Source     →  Target     : decrypt .age, then render .j2
Target     →  Destination: write to disk, apply mode
Target     ↔  Persistent : hash target, store in db
Target     ↔  Destination: three-way compare to detect Synced/Modified/Conflict

The bold arrows show the writes the apply loop performs. The plain arrows are reads that drive the comparison.

StoreWhere it livesMutable?Notes
SourceFiles in the source repository (filesystem)Read-only during applyFilenames encode extensions (.j2, .age, .j2.age); file mode bits come from metadata().mode().
TargetRendered, decrypted content (in memory)Recomputed on demandAlways the desired post-apply state for a given source.
DestinationThe actual files on the user’s machine (filesystem)Read + WriteWhere the user’s dotfiles actually live.
Persistentredb database at <source>/.guisu-state.dbWritten after a successful applyContent hash + mode of the last applied target.

Status types

For each file under management, the engine computes a status by comparing target, destination, and database:

TargetDestinationDatabaseStatusDefault action
AAASyncedSkip
ABAModified (by you)Overwrite
AABModified (in source)Apply
ABCConflictPrompt (--interactive) or overwrite
AAddedCreate
BBRemovedDelete
BAModified + RemovedConflict

Entry types

crates/engine/src/entry.rs defines three enums and a struct:

#![allow(unused)]
fn main() {
pub enum SourceEntry {
    File { source_path, target_path, attributes },
    Directory { source_path, target_path, attributes },
    Symlink { source_path, target_path, link_target },
}

pub enum TargetEntry {
    File { path, content: Vec<u8>, mode: Option<u32> },
    Directory { path, mode: Option<u32> },
    Symlink { path, target: PathBuf },
    Remove { path },
}

pub struct DestEntry {
    pub path: RelPath,
    pub kind: EntryKind,
    pub content: Option<Vec<u8>>,
    pub mode: Option<u32>,
    pub link_target: Option<PathBuf>,
}

pub enum EntryKind {
    File,
    Directory,
    Symlink,
    Missing,
}
}

SourceEntry and TargetEntry differ slightly because the source carries parsed attributes while the target carries concrete content.
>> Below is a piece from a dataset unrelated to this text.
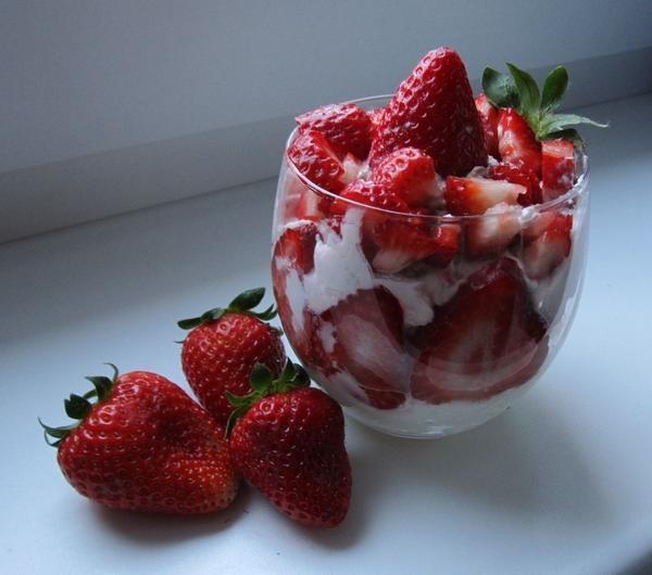Z reguły unikam spożywania produktów o wysokim indeksie glikemicznym, zawierających węglowodany proste. Oczywiście nie mam tu na myśli, np. owoców, które posiadają niewiele cukrów prostych i nie wpływają niekorzystnie na nasze zdrowie. Złem w czystej postaci są tu produkty przetworzone, wysokokalorycze, czyli wszelkiego rodzaju słodycze. Jak się okazuje, z fizjologicznego punktu widzenia nie trudno o uzależnienie od węglowodanów- a ma na nie wpływ prosty mechanizm: konsumujemy wysokokaloryczny produkt, po czym następuje gwałtowny wzrost cukru we krwi, a tym samym odczuwamy podwyższenie energii, także chwilowe podniesienie nastroju (w końcu słodycze dobre na "zajedzenie" smutku:)). Organizm szybko reaguje wydzielając dużą dawkę insuliny, która z kolei gwałtownie obniża poziom cukru we krwi. W tym momencie odczuwamy spadek energii i nieodpartą chęć sięgnięcia po kolejną słodkość... W efekcie, tego typu nieprawidłowe nawyki żywieniowe mogą powodować zaburzenia w gospodarce węglowodanowej, co może prowadzić do powstania cukrzycy. Nie strasząc nikogo, a jedynie przytaczając suche fakty- cukier jest także pożywką raka. Nowotwory potrzebują cukru dla rozwoju, dlatego zasadniczym, pierwszym krokiem w walce z nimi jest modyfikacja diety, polegająca na eliminacji z niej cukrów. Celem jest odcięcie nowotworom ich pożywienia, wskutek czego spowalniamy ich rozwój.Ja właściwie zaprzestałam używać cukru i po określonym czasie mój organizm się od niego odzwyczaił. Wszelkiego rodzaju słodkości, desery itp. są dla mnie po prostu za słodkie i spożywane w większej ilości wręcz niesmaczne, mdlące (zaznaczam, że dla mnie większa ilość to już taka, która dla innych, nie ograniczających spożycia cukru, jest powiedzmy dawką małą lub przeciętną). Cieszę się naturalnym smakiem potraw. W moim mniemaniu dosładzanie choćby herbaty czy kawy to pozbawianie ich prawdziwego aromatu- niestety zrozumiałam i doceniłam to dopiero kilka lat temu. Oczywiście od czasu do czasu pozwalam sobie na małe grzeszki, i nie traktuję ich jako jakiejś szczególnej uczty dla mojego organizmu (raczej wręcz przeciwnie). Głównie ze względu na lenistwo, często rzekomy brak czasu (chociaż obstawiam tu mimo wszystko lenistwo, bo nie lubię szukać usprawiedliwień swoich złych działań poza sobą), próbuję oszukać organizm i "zapycham głód" czymś sycącym, by mieć to chwilowe złudzenie "mocy". Można by to osiągnąć innym sposobem, odpowiednio bilansując swoją dietę, wykorzystując choćby idealne działanie węglowodanów złożonych. Są one dłużej trawione przez nasz układ pokarmowy, dlatego powoli dostarczają nam energii, zaspokajając głód przez cały dzień. W przeciwieństwie do cukrów prostych, cukry złożone w dużym stopniu są na bieżąco spalane przez nasz organizm, co znacznie zmniejsza, a u niektórych wręcz eliminuje problem ich odkładania się w tkankę tłuszczową. A plaga otyłości w dzisiejszych czasach tylko potwierdza to jak bardzo źle się odżywiamy. Tylko pozornie walka typu- ciasta/czekolady vs produkty pełnoziarniste/owsianka jest nierówna. To kwestia podejścia, przyzwyczajeń. Zazwyczaj w tej kwestii nasz organizm jest sprawiedliwym sędzią, co niekoniecznie wszystkim się podoba :)Zaproponowany deser to mój mały grzeszek, zrobiony na szybko, pod wpływem tego, że w sklepie po prostu rzucił mi się w oczy serek mascarpone... grzeszek powodowany bardziej chęcią stworzenia deseru niż jego konsumpcją. Jednak zjadłam by móc ocenić, co z tego wyszło i myślę, że Wam (lubiącym słodycze) bardziej by smakowało niż mnie! :) Bazą jest tu bardzo smaczny serek mascarpone. Zatrważające nieco jest to, że wykorzystane 250g serka (co daje trzy porcje), zawiera 985 kalorii, w tym prawie 13g węglowodanów, na porcję ponad 300 kalorii, a do tego trzeba dołożyć kalorię ze śmietany kremówki, cukru pudru i z samych truskawek- może lepiej tego nie podliczać:p Spokojnie od razu od tego się nie umiera, a jak mawiają- raz się żyje i czasem można. Jak inaczej poznać "smaki życia', tylko próbować, próbować ;)Zaznaczam, że powyższy wywód (na marginesie- będący raczej "zniechętą" do spożycia tego deseru, lecz ja wolę mieć czyste sumienie :p) nie dotyczy sportowców, ludzi stosujących duży wysiłek fizyczny. W tym wypadku mamy do czynienia z innym zapotrzebowaniem energetycznym i z innym tempem spalania. Tego typu osoby mogą z odrobinę mniejszym poczuciem winy skonsumować ten deser, pomińmy jednak tę kwestię.

Destinations may also receive a remove directive from Metadata::remove (declared in .guisu/state.toml); see User Guide — File Attributes. The apply step processes removes in a separate pre-pass before applying targets.

File attributes

FileAttributes in crates/engine/src/attr.rs is a plain struct:

#![allow(unused)]
fn main() {
pub struct FileAttributes {
    pub is_template: bool,    // .j2 extension
    pub is_encrypted: bool,   // .age extension
    pub mode: Option<u32>,     // source file's metadata().mode()
}
}

is_template and is_encrypted are decoded from the filename extension at read time. mode is read from the source file’s metadata().mode() and propagated to the destination by apply. The permission-related bitflags (private_ / readonly_ / executable_ / dot_ / exact_) and the entry-type prefixes (modify_ / remove_ / symlink_) are no longer recognized. See User Guide — File Attributes.